Records excerpted from a collection:
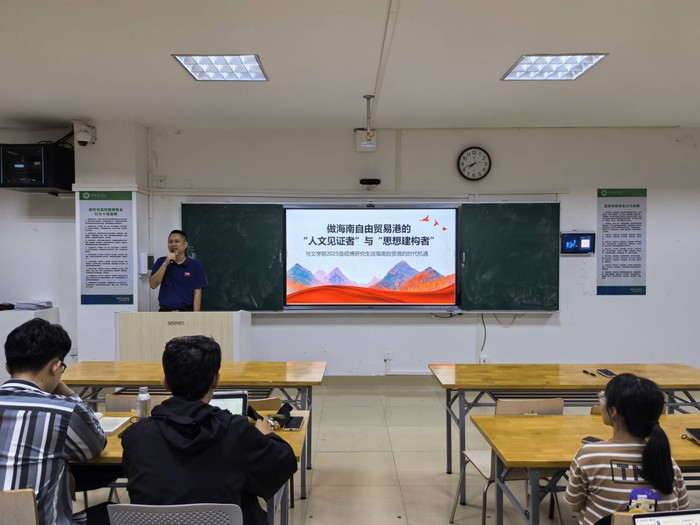 为加深2025级研究生对海南自贸港建设政策的理解,强化使命担当,坚定理想信念,10月14日晚,文学院2025级研究生在桂林洋校区文学楼305教室开展了自贸港政策解读与理想信念教育活动。本次教育活动由副处级辅导员陈俊峰和研究生辅导员周政共同主讲。
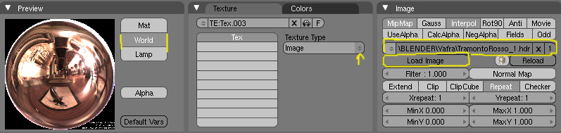 Presionamos Texture buttons (F6) e introducimos una imagen de tipo HDRI.
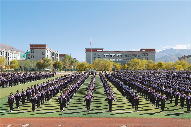 圖為拉薩實(shí)驗(yàn)中學(xué)的學(xué)生在做課間操。(圖片由江蘇援藏指揮部提供)
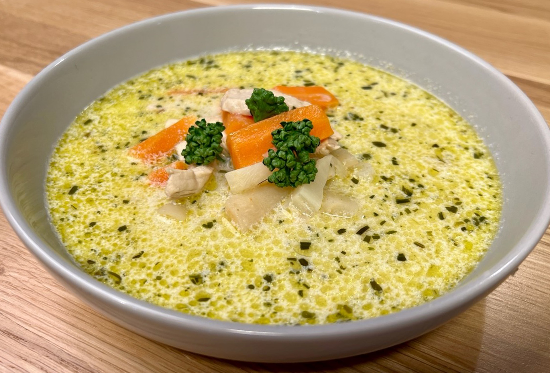 Közepes lángon főzzük, amikor a burgonya már kezd puhulni, belekeverjük a tejfölt és összeforraljuk. A végén petrezselyemmel díszítjük.
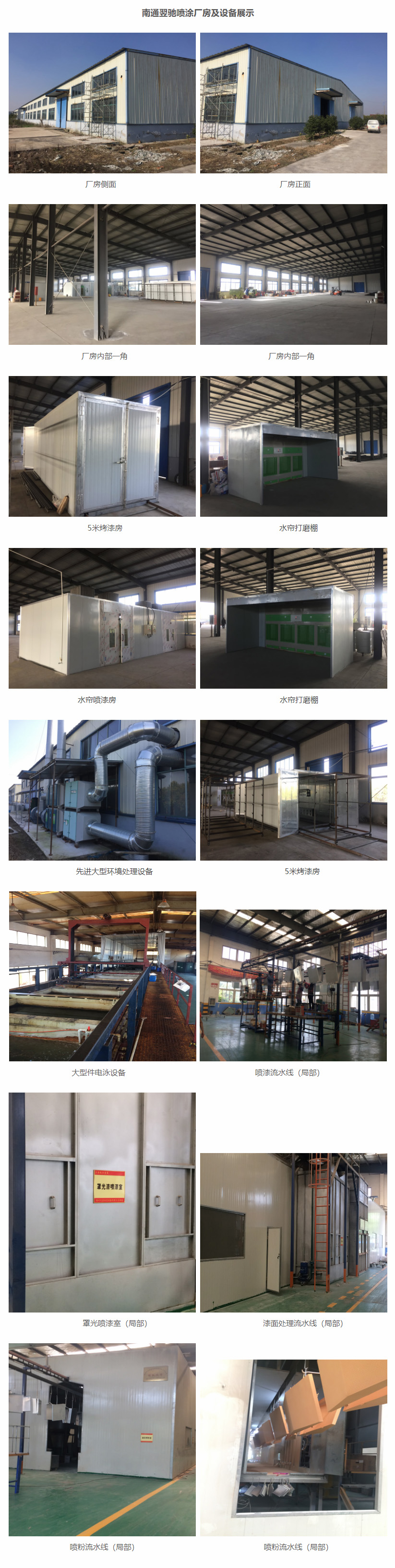 南通翌馳工業(yè)配件有限公司占地面積5000余平方米,建筑面積3000余平方米,擁有現(xiàn)代化環(huán)保型涂裝生產(chǎn)線三條,均采用國內(nèi)先進的設(shè)計和建造理念,集科學(xué)、自動、高效、節(jié)能、環(huán)保為一體,在進一步提高核心競爭力的同時,降低了污染排放,強化了社會責(zé)任感。公司目前擁有大型自動化靜電粉末噴涂流水線一條,大型環(huán)保型噴漆流水線兩條。同時配套有無塵打磨房、水幕噴漆房、無塵噴漆房、高低溫烤漆房、環(huán)保型噴砂房、脫脂磷化槽、污水處理設(shè)備等現(xiàn)代化設(shè)備??杉庸らL度20米,單件重量可達十噸以上,日噴涂量1000㎡以上。
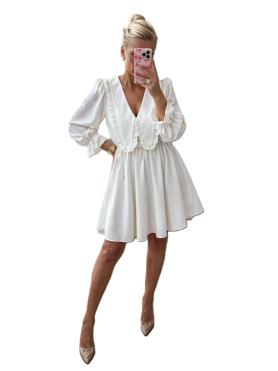 - długie rękawy zakończone falbanką
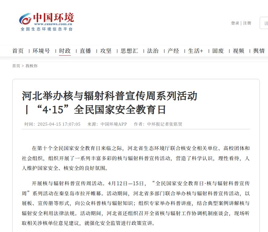 中国环境客户端:河北举办核与辐射科普宣传周系列活动丨“4·15”全民国家安全教育日
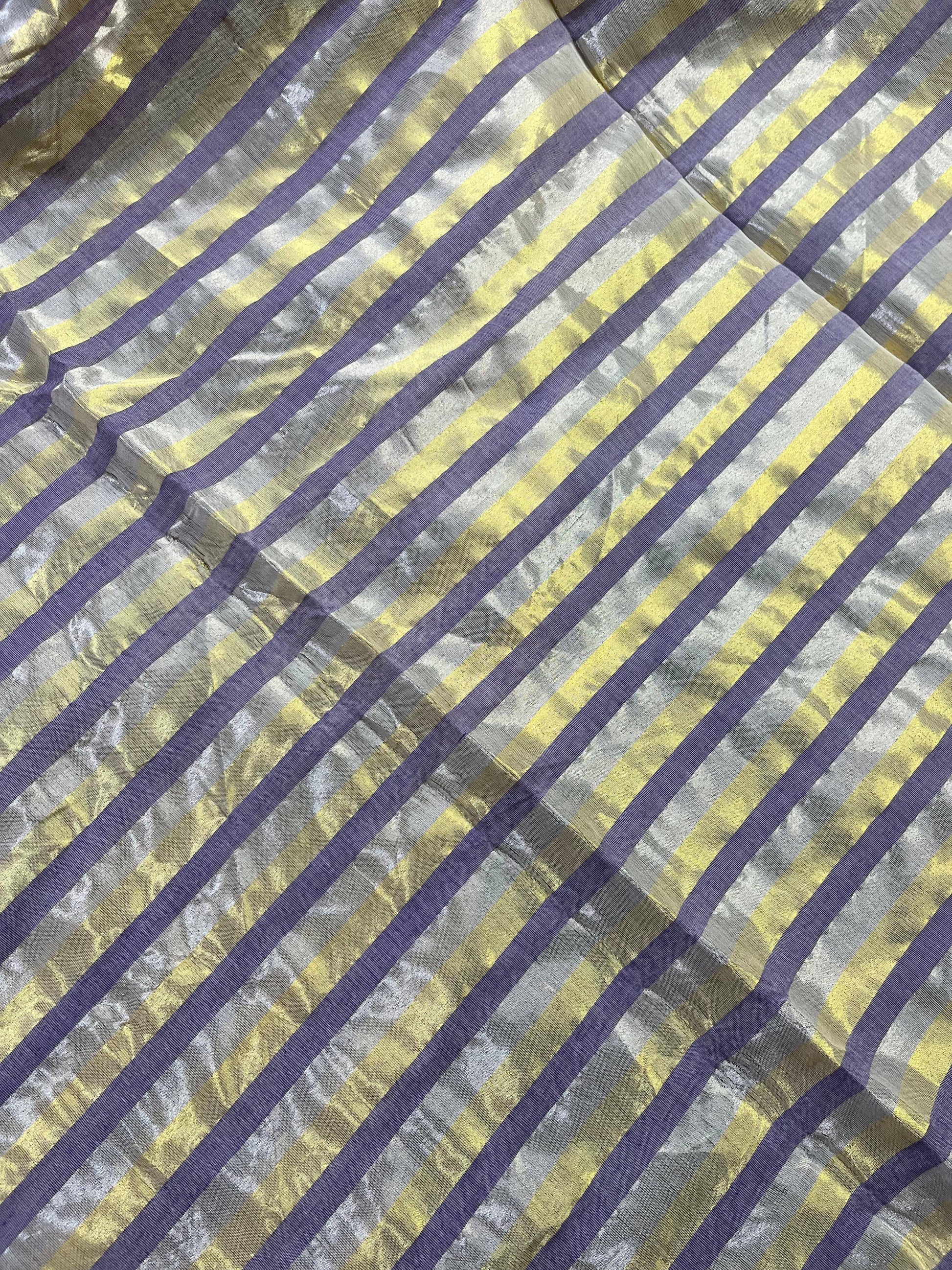 A graceful lilac pure handloom Kerala cotton saree, adorned with all-over gold and silver woven stripes that lend a subtle festive glow. The saree is beautifully complemented by a coordinated gold–silver striped palla and comes with a matching running blouse piece. Soft, breathable, and elegant, this timeless drape is perfect for festive mornings, traditional gatherings, and everyday sophistication.
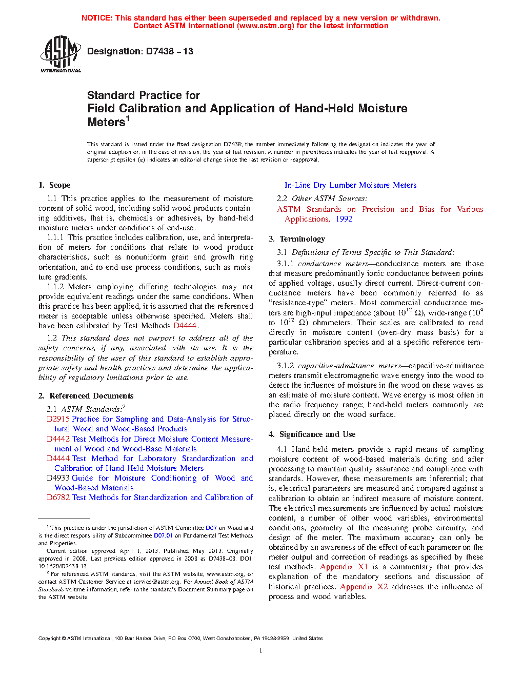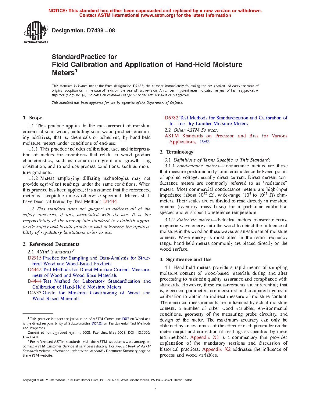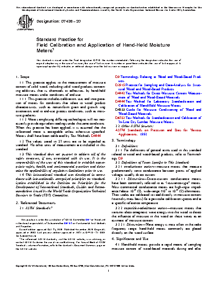 1.1 This practice applies to the measurement of moisture content of solid wood, including solid wood products containing additives, that is, chemicals or adhesives, by hand-held moisture meters under conditions of end-use.
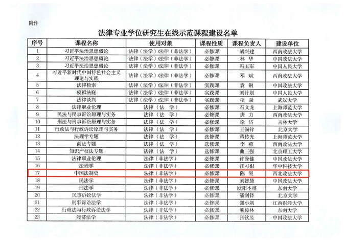 《中国法制史》入选《法律专业学位研究生在线示范课程》
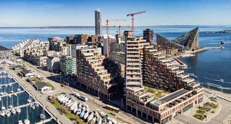 Copenhagen. Denmark. 15. September. 2021. Beautiful modern buildings on the bay in Copenhagen, Denmark. European architecture Architecture Europe
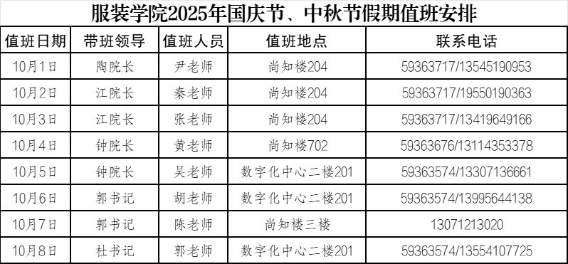 雷火电子竞技平台2025年国庆节、中秋节假期值班安排
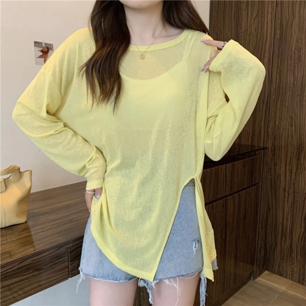 Volný čas hubený opalovací krém tričko čistý barva kolo krk dlouhé rukáv nejvyšší volné nadrozměrné vzduch conditioning zakrýt pouliční oblečení
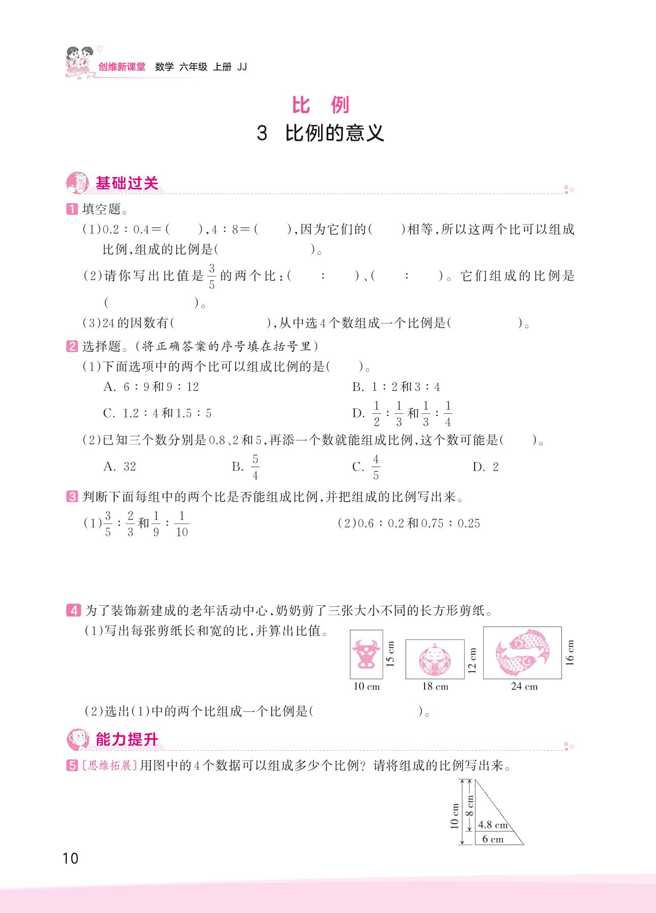 2023上册六年级数学冀教版 二 比和比例——3 比例的意义

EXERCISE AIM: The lines above from the line with "- długie rękawy zakończone falbanką" through the line with "雷火电子竞技平台2025年国庆节、中秋节假期值班安排" are to be given again word for word, with no pictures among them.

ANSWER FOR THE TASK:
 - długie rękawy zakończone falbanką
 中国环境客户端:河北举办核与辐射科普宣传周系列活动丨“4·15”全民国家安全教育日
 A graceful lilac pure handloom Kerala cotton saree, adorned with all-over gold and silver woven stripes that lend a subtle festive glow. The saree is beautifully complemented by a coordinated gold–silver striped palla and comes with a matching running blouse piece. Soft, breathable, and elegant, this timeless drape is perfect for festive mornings, traditional gatherings, and everyday sophistication.
 1.1 This practice applies to the measurement of moisture content of solid wood, including solid wood products containing additives, that is, chemicals or adhesives, by hand-held moisture meters under conditions of end-use.
 《中国法制史》入选《法律专业学位研究生在线示范课程》
 Copenhagen. Denmark. 15. September. 2021. Beautiful modern buildings on the bay in Copenhagen, Denmark. European architecture Architecture Europe
 雷火电子竞技平台2025年国庆节、中秋节假期值班安排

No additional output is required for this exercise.